Excerpted records:
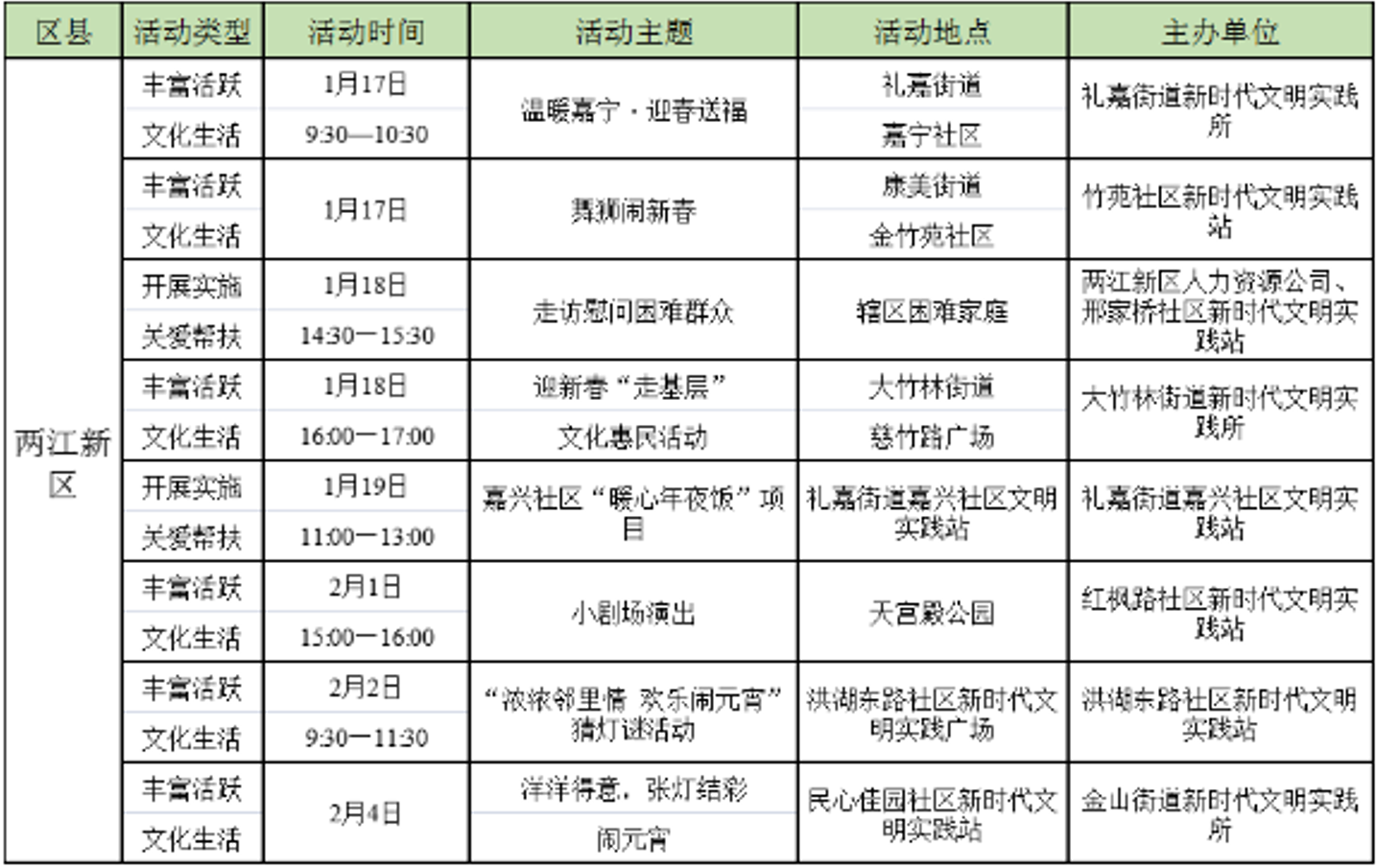 不仅是春节期间,文化消费活动火热。早在春节前,两江新区各街道社区就陆续开展了多种多样的文明实践志愿服务活动。
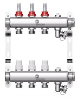 Коллектор из нержавеющей стали для теплого пола в сборе, 3 вых., TIM арт. KAS5003
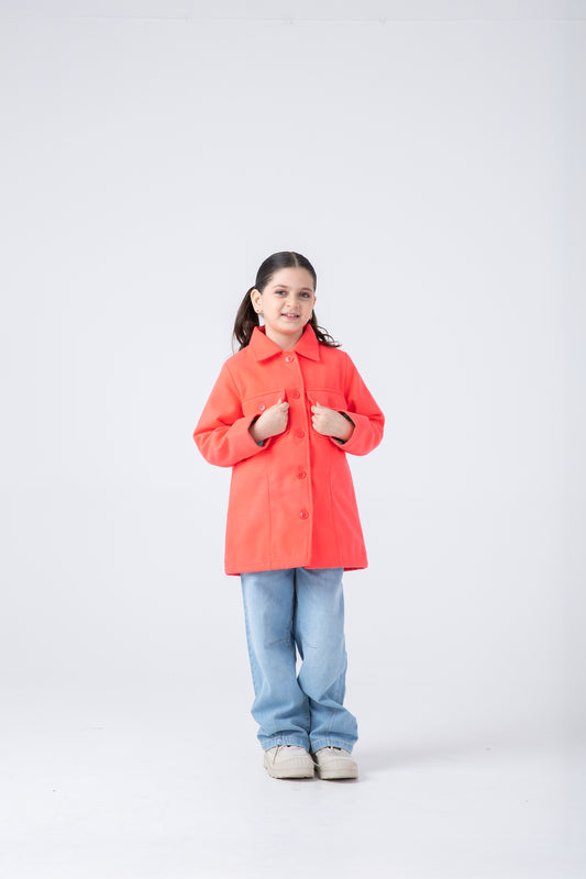 Girls Bold Coral Felt Coat Girls Bold Coral Felt Coat
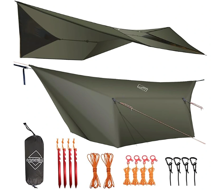 Hamac de camping portable et étanche, bâche de hamac de 3,7 m, bâche ultralégère en nylon argenté, bâche de tente de camping légère et étanche avec portes, facile à installer avec sac de rangement, piquets de tente, vert OD
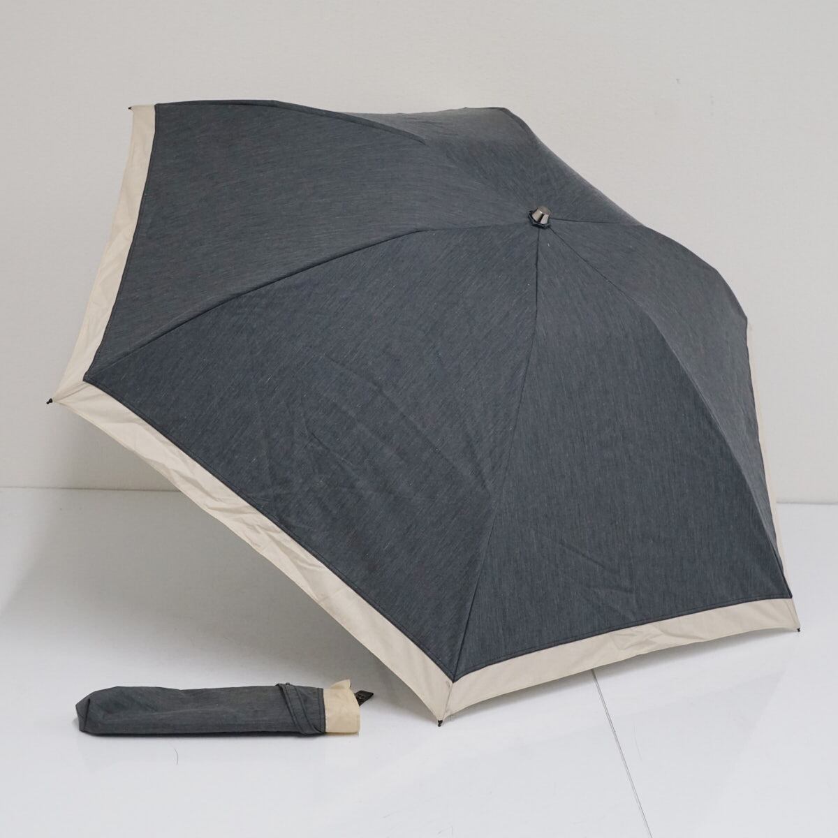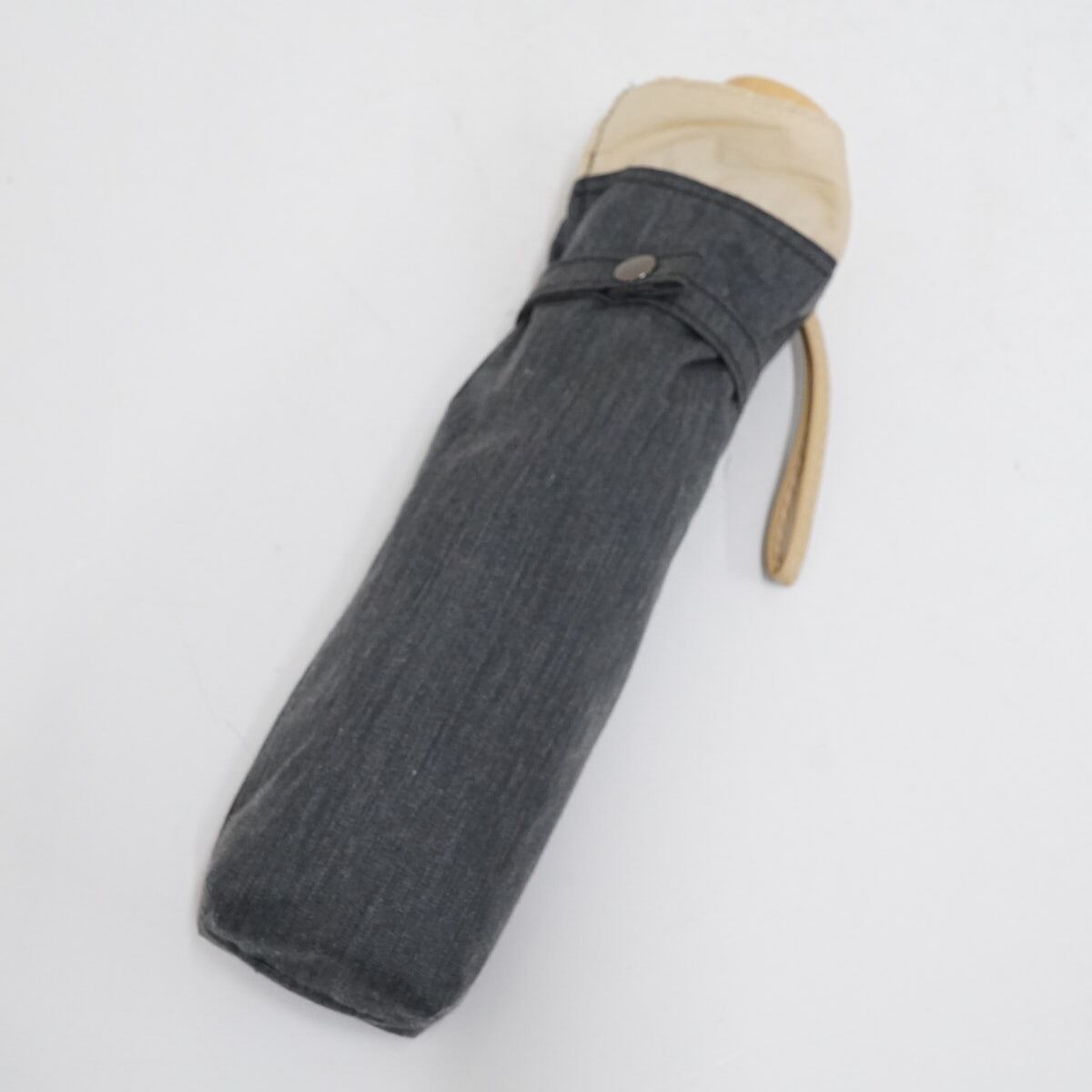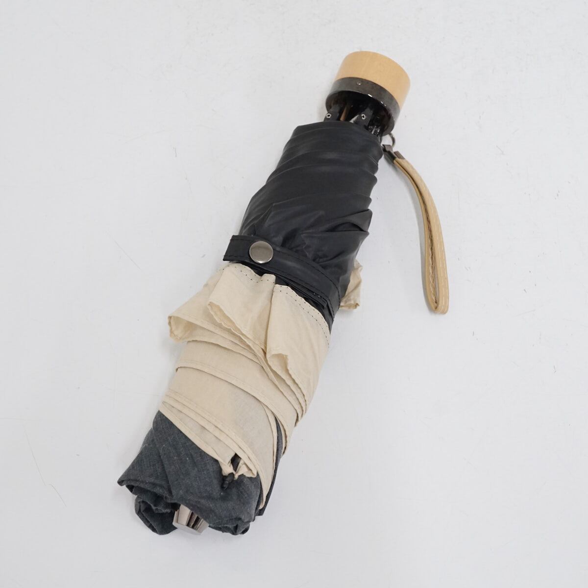 ダークグレー地にライトベージュ色で外周にアクセントをつけた、シンプルな折りたたみパラソルです。

Directions for this task: Could you transcribe the records above exactly, leaving every picture out?

Expected output:
 不仅是春节期间,文化消费活动火热。早在春节前,两江新区各街道社区就陆续开展了多种多样的文明实践志愿服务活动。
 Коллектор из нержавеющей стали для теплого пола в сборе, 3 вых., TIM арт. KAS5003
 Girls Bold Coral Felt Coat Girls Bold Coral Felt Coat
 Hamac de camping portable et étanche, bâche de hamac de 3,7 m, bâche ultralégère en nylon argenté, bâche de tente de camping légère et étanche avec portes, facile à installer avec sac de rangement, piquets de tente, vert OD
 ダークグレー地にライトベージュ色で外周にアクセントをつけた、シンプルな折りたたみパラソルです。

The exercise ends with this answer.